Why would it make it worse? Were I to pull away and retreat into another self imposed exile from all groups as such, my social life would be zero, I'd be stuck in my flat, doing nothing and thinking of nothing most of the time. The last time that happened, or should I say the last time I let myself get that bad, ended up in some of the most painful posts in this blog, I ended up so depressed that the light went out, it nearly went out for good as well. and that scares me a little. However, with the way things are going in one or two groups, and I don't wish to name them, I just feel like I'm a token, and that whilst I want to be there, I'm not contributing nor am I being listened to. That infuriates me, it angers me, and frustrates me. Though it pushes me to try harder to be heard, and to learn, it doesn't seem to help one bit and I drift into a position where I can't see the point as to why I attend the groups and what I add to them.
Add to this, a bout of self loathing, self pity and general dislike of all things physical about myself, and it's not a great position. I'm feeling fat, I see fat when I look in mirrors. I see ugly and no, no one can say it's not so. I just look and feel like crap. To hark back to the sporting theme of yesterday, and for the sport lovers who read this, you'll understand this statement, I know that I'd push Iain Dowie and Peter Beardsley into second and third place in any looks competition. It may sound funny, it may be something I say alot about myself, but it doesn't mean that I don't get upset by it.

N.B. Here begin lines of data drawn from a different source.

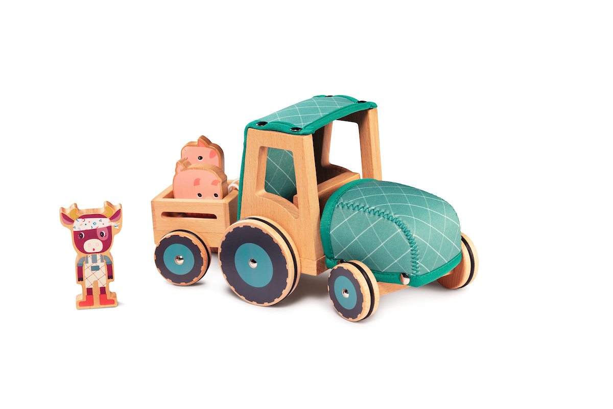 Krásný dřevěný traktor je ideální dárek pro kluky od 2 let. Farmářka Rosalie hospodaří na farmě a je stále v jednom kole. Prasátka šťastně rostou a kravička je přepravuje v přívěsu za traktorem. Jedou s ní na pole, kde se proběhnou. S tímto traktorem si děti mohou vymýšlet ty nejbláznivější...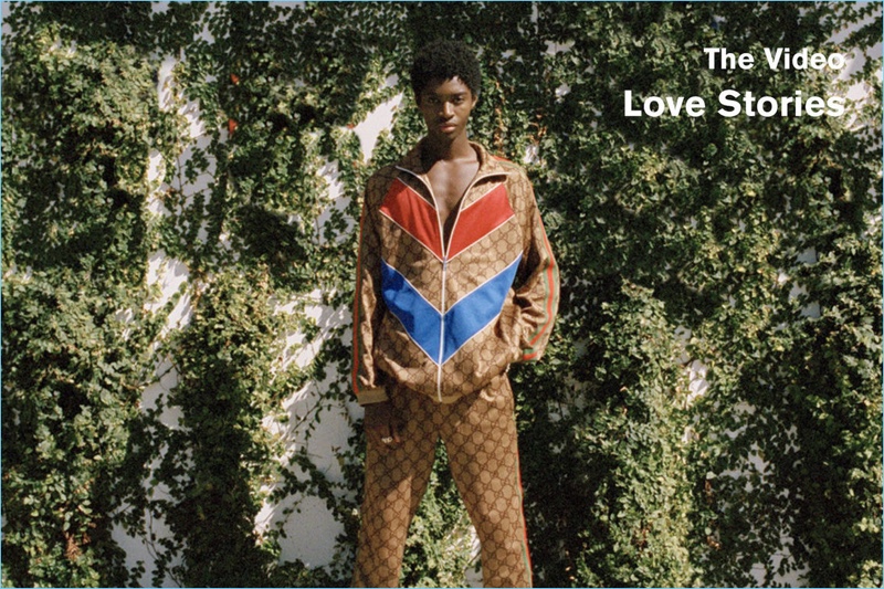 Model Alton Mason wears a Versace shirt with Champion joggers.Pin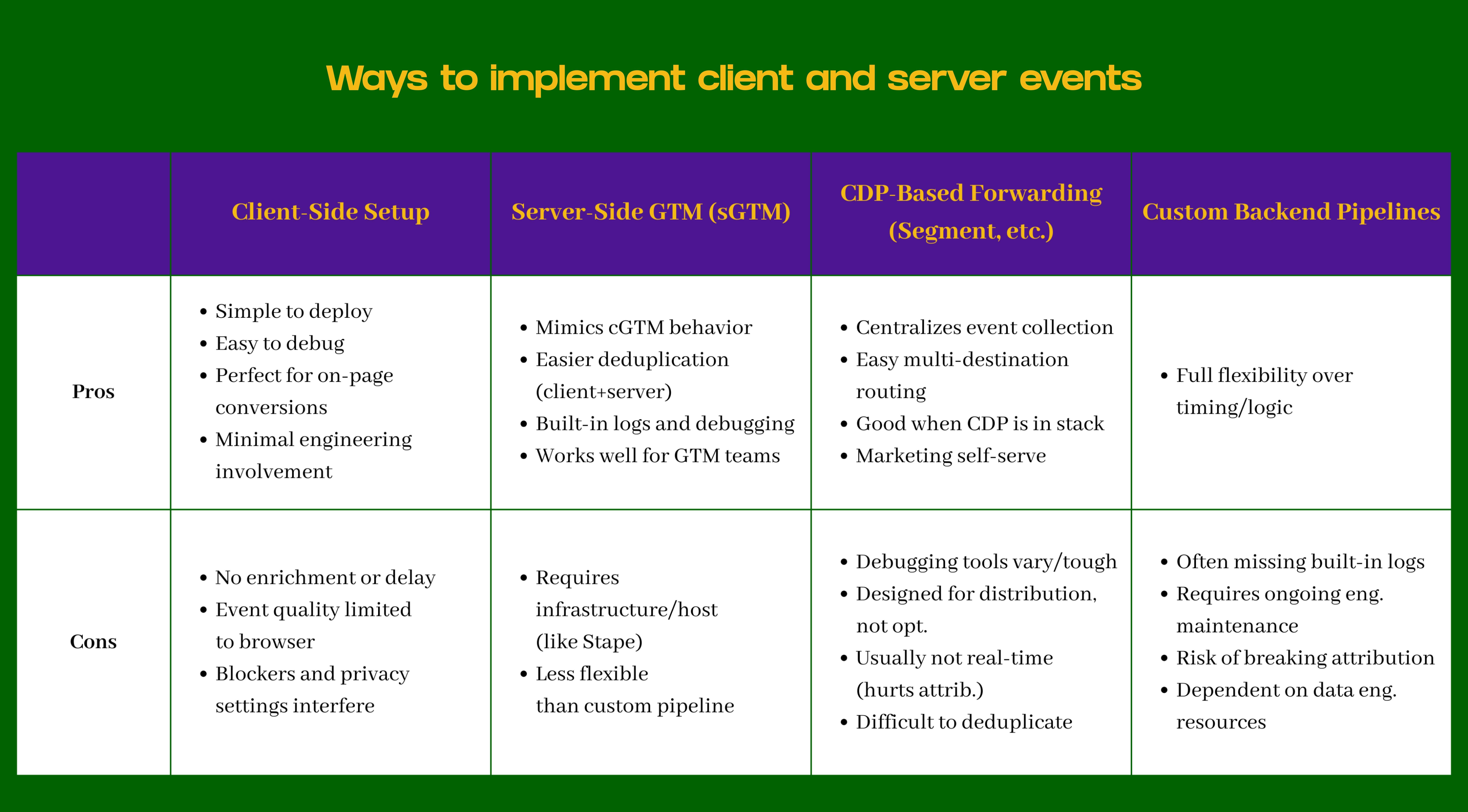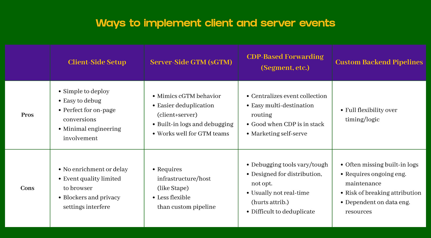 The advantage is complete flexibility over timing, logic, and event structure (like, everything). The disadvantages add up: no built-in logging or debugging tools, every change requires engineering, easy to break attribution if not aligned with client-side logic, and ongoing maintenance becomes a permanent engineering responsibility. Most marketing teams do not love this.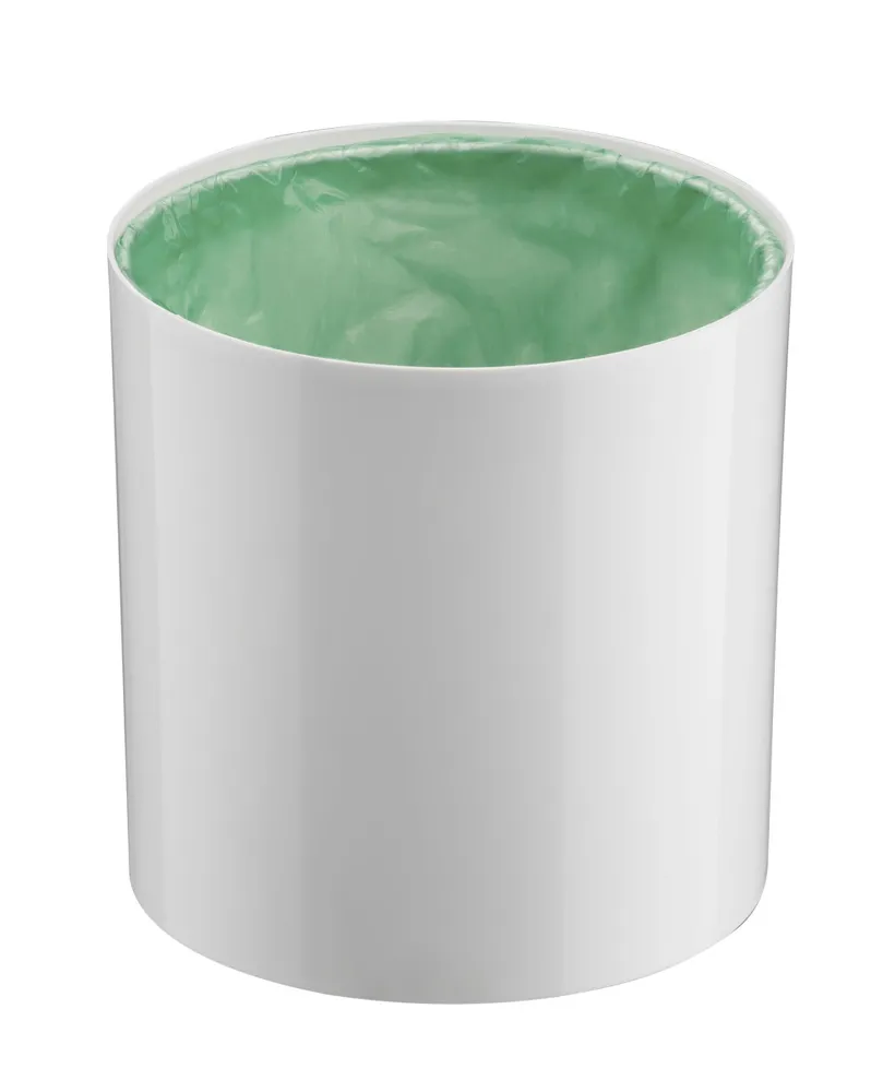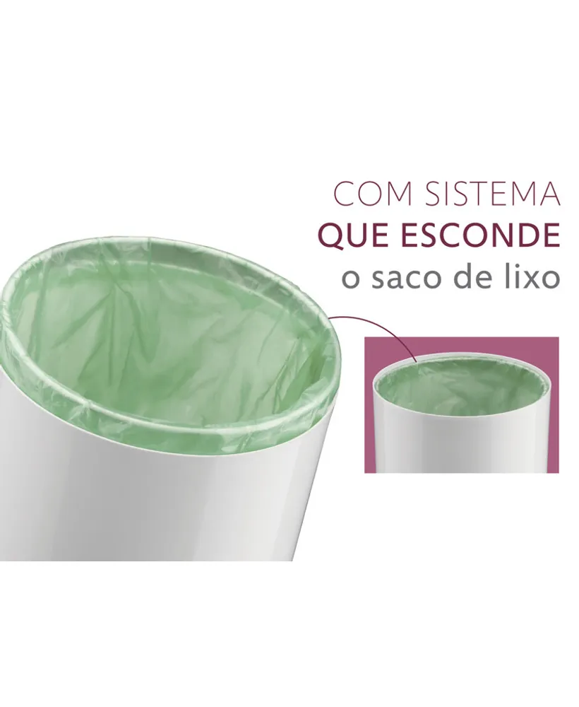 A lixeira tem capacidade para 5l. com tampa removível, fica fácil trocar o saquinho de lixo, além de deixá-lo fixo e escondido sob a borda da tampa.

No matter what I do or try to do, nothing will change, nothing is going to change. These small four walls which I hate, which are my prison will probably be my home from now till when ever, I'll be locked away growing old on my own, feeling ever more sorry for myself and living a desondent life. I feel, look and am shit, it's how I am, and no matter how much anyone will try to say otherwise it ain't going to help. There is no one around to give me a hug when I need one, there is no one around to say anything encouraging. All I've got are the four walls, a computer that's in need of replacing, no money to do so and no hope of finding a job to save up to do so. I'm not sure why it is then that I want to carry on, or why I do carry on. All my efforts seem to gain rewards for others or others take the rewards from me, but I continue to allow everyone trample over me as if I enjoy it. I guess that's the way I've become, but I hate it.